# Help with sagging drape-rod and supporting the middle section



## chandler48 (Jun 5, 2017)

Not being able to see the attachment points on the ends, all I can suggest is installing a midpoint bracket to the trim. http://www.homedepot.com/p/Home-Dec...in-Nickel-Cafe-Rod-Bracket-03-0249P/203717782


----------



## lenaitch (Feb 10, 2014)

In addition to Chandler's response, it's a bit of a hack job but I have seen the trim pulled slightly away from the wall - enough the let the mid-bracket slip in behind, then re-secure the trim with a couple of finishing nails on either side of the bracket. This allows the bracket to at least side against something smooth a vertical as opposed to the curved surface of the trim. As an alternative, if you have a scrap of trim, mount a piece upside-down and reversed over the trim on the wall. This should give a reasonable smooth and vertical surface for the mid bracket.

Otherwise, you could raise the rod so the brackets clear the trim, if possible.


----------



## Nealtw (Jun 22, 2017)

I think you will have to go up a little.


----------



## RPK62181 (Aug 27, 2017)

Do these images help at all? I might look for some trim to try that suggestion. The people at Home Depot were so unhelpful. They gave me an L shaped bracket that, of course, isn't right for it. They had no suggestions. I hate hanging rods. I always mess up and make a big disaster out of my wall with drilling. Hence...having someone do it for 20 bucks while they were fixing something else. Not sure why they put it so low! Ugh! Frustrating.


----------



## Nealtw (Jun 22, 2017)

You just need one more bracket like the ones you have and raise them all just above the trim so the center one will work.


----------



## RPK62181 (Aug 27, 2017)

Thanks! The only problem I have if I move the brackets all up further is that the drapery is now too short. They are the right length where they are but if I raise the rod They might look strange where they land at the wall. I might try the trim method if I can find some to see if that works.


----------



## Druidia (Oct 9, 2011)

If you don't want to redo the two installed brackets, then:
If the house is yours, cut out a notch of the trim so you can fit in a third bracket.


----------



## Nealtw (Jun 22, 2017)

RPK62181 said:


> Thanks! The only problem I have if I move the brackets all up further is that the drapery is now too short. They are the right length where they are but if I raise the rod They might look strange where they land at the wall. I might try the trim method if I can find some to see if that works.

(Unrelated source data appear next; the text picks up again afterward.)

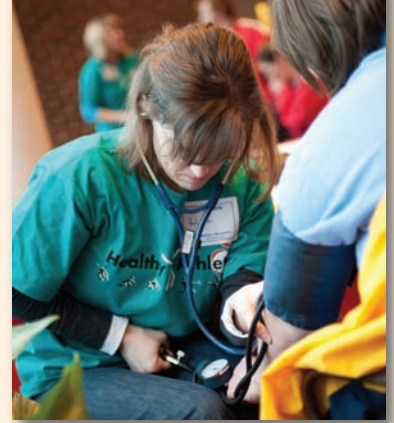
▲ GSN faculty and students performed health screenings and then referred athletes to onsite specialists.
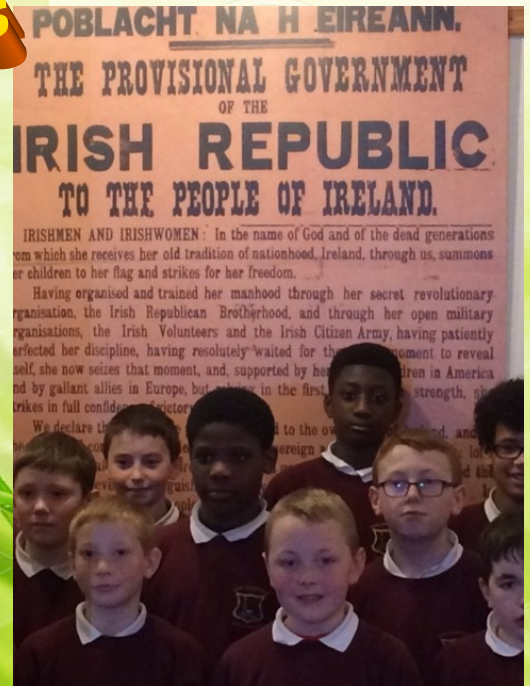
The boys are standing in front of the largest copy of the proclamation in Ireland
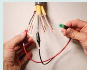
GREEN LED means wiring is properly identified.
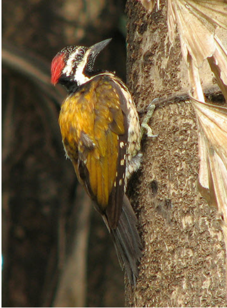
Woodpeckers are yet another example of irreducible complexity, requiring an integrated set of specialized features to make their lifestyle possible.

The Designer of the woodpecker's head has a prior claim to this multi-component system. All four parts are needed to stop Woody from beating its brains out.
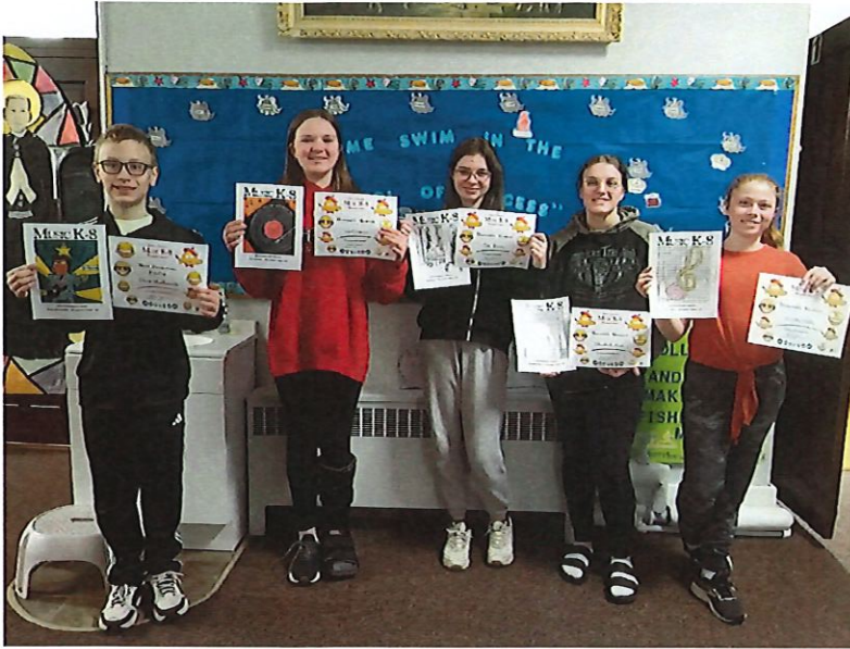
Music K8 Cover Awards
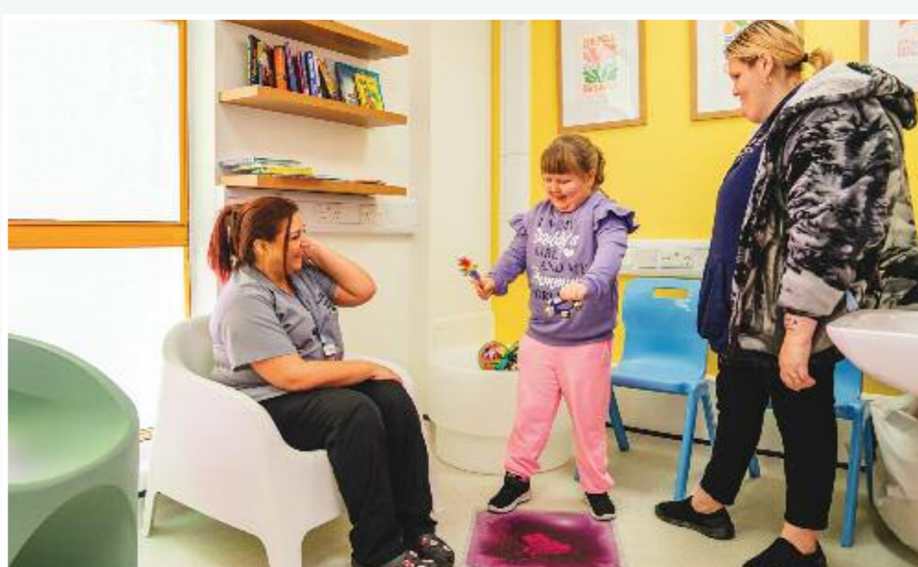
Staff member and family in the charity-funded Sensory Room in Children's A&E

If you have three of these you can adjust the depth and maybe you will need a spacer behind the midle one to keep it level.
http://www.homedepot.com/p/Home-Decorators-Collection-5-8-in-Cafe-Rod-Brackets-03-0245P/203675170


----------



## phDesign (Sep 26, 2017)

Hi RPK62181

You could probably use this eyelet bracket because it has a smaller return and fits a diameter up to about 1 1/4"

http://www.designerdraperyhardware.com/tms-menagerie-casa-artistica-outdoor-collection-2-1-2-inch-return-eyelet-bracket-for-wall-or-ceiling-mount-43184/

And, I've had this company custom weld eyelet brackets to any size, so you can have one made the exact distance you need:

http://www.designerdraperyhardware.com/orion-drapery-hardware/

Another option would be to just replace the pole. You have a telescoping/adjustable pole and they nearly always sag. A solid piece pole will most likely not sag.


----------